Modeling speed especially with add-ons like BoxCutter and HardOpps is superior to Maya as well largely due to the way one can interact with the tools through the interface.
They’ve had customization for ages. Part of their earlier effort at modernizing the GUI was customization that went into the realm of utterly mindless stupidity. The open source world does not generally do a good job of guiding users with judicious UI options. They seem to go all or nothing, and neither approach is acceptable.

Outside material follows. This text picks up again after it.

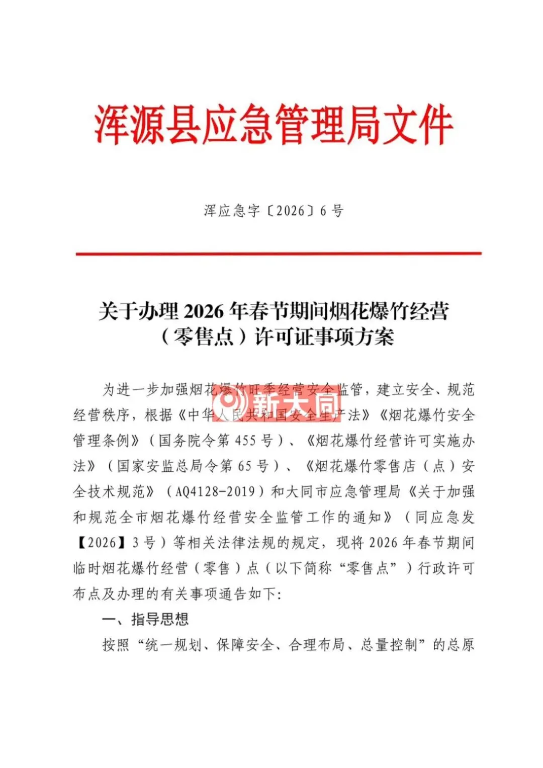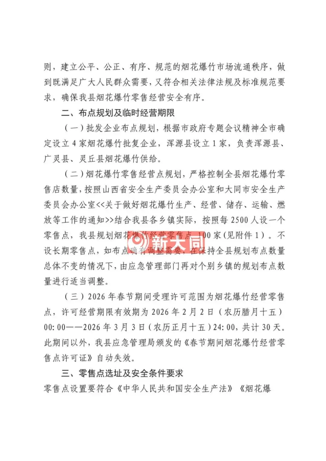 依据《中华人民共和国安全生产法》《烟花爆竹安全管理条例》(国务院令第455号)、《烟花爆竹经营许可实施办法》(应急管理部令第13号)、《山西省安全生产委员会办公室关于做好烟花爆竹生产、经营、储存、运输、燃放等工作的通知》(晋安办发〔2025〕89号)、《山西省应急管理厅关于做好全省烟花爆竹经营安全监督管理工作的通知》(晋应急发〔2025〕312号)、《大同市安全生产委员会办公室关于做好烟花爆竹生产、经营、储存、运输、燃放等工作的意见》(同安办发〔2025〕72号)、《大同市应急管理局关于加强和规范全区烟花爆竹经营安全监管工作的通知》(同应急发〔2026〕3号)文件精神,结合我区实际情况,现就全区烟花爆竹经营(零售)许可证办理工作有关事宜通告如下:
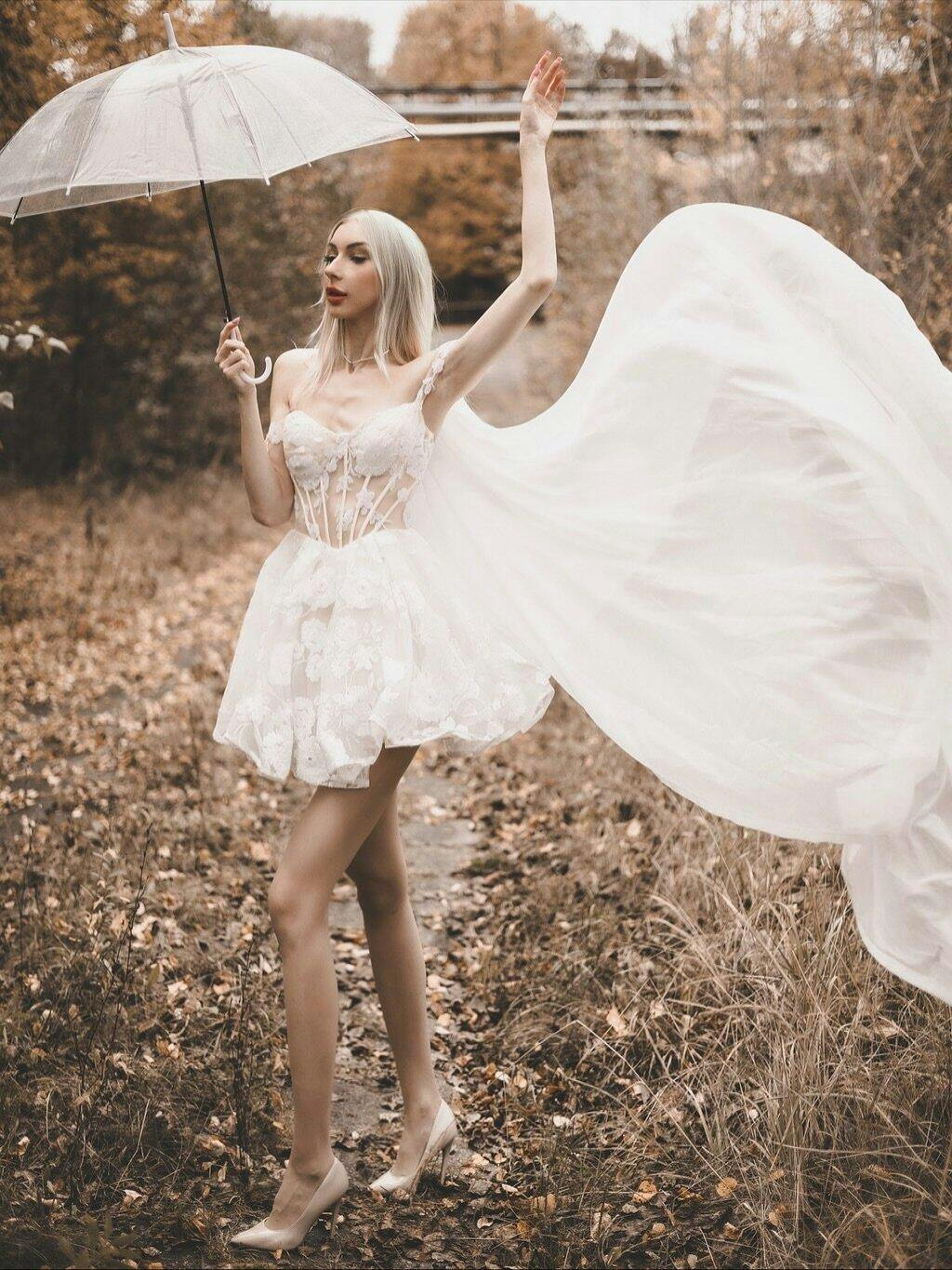 This dress is absolutely perfect! The delicate floral embroidery on the fabric combined with the fluffy skirt gives off a vibe that's both elegant and playful. The design is modern yet romantic, beautifully showcasing the feminine silhouette. I especially love the sheer lace bodice, which is both sexy and sophisticated, making it perfect for capturing that dreamy vibe in photos. Super Cute!!!Perfect for taking photos !!!love love

Here’s an image of Blender’s UI I captured ten years ago:

1634304246398.jpeg


This mess was way too easy to cause because the customization was mindless. Much of this functionality is still there, but doing this crap accidentally seems less likely.
 
Here’s an image of Blender’s UI I captured ten years ago:
To be fair, that isn't blender's default UI layout. You'd have to purposefully make it that cluttered. Yes, it ALLOWS you to do it, but it isn't forced on you. The non-blocking window layout of blender is actually quite useful, and I find myself missing it in other apps at times. Often, people make more windows than they need because they don't understand the workspace tabs, and try to put all the functions on one screen. Also, the ctrl-space method of making any window jump to occupy the full space means you CAN have a layout with lots of window panels (if you want) and immediately toggle it to a large workable canvas.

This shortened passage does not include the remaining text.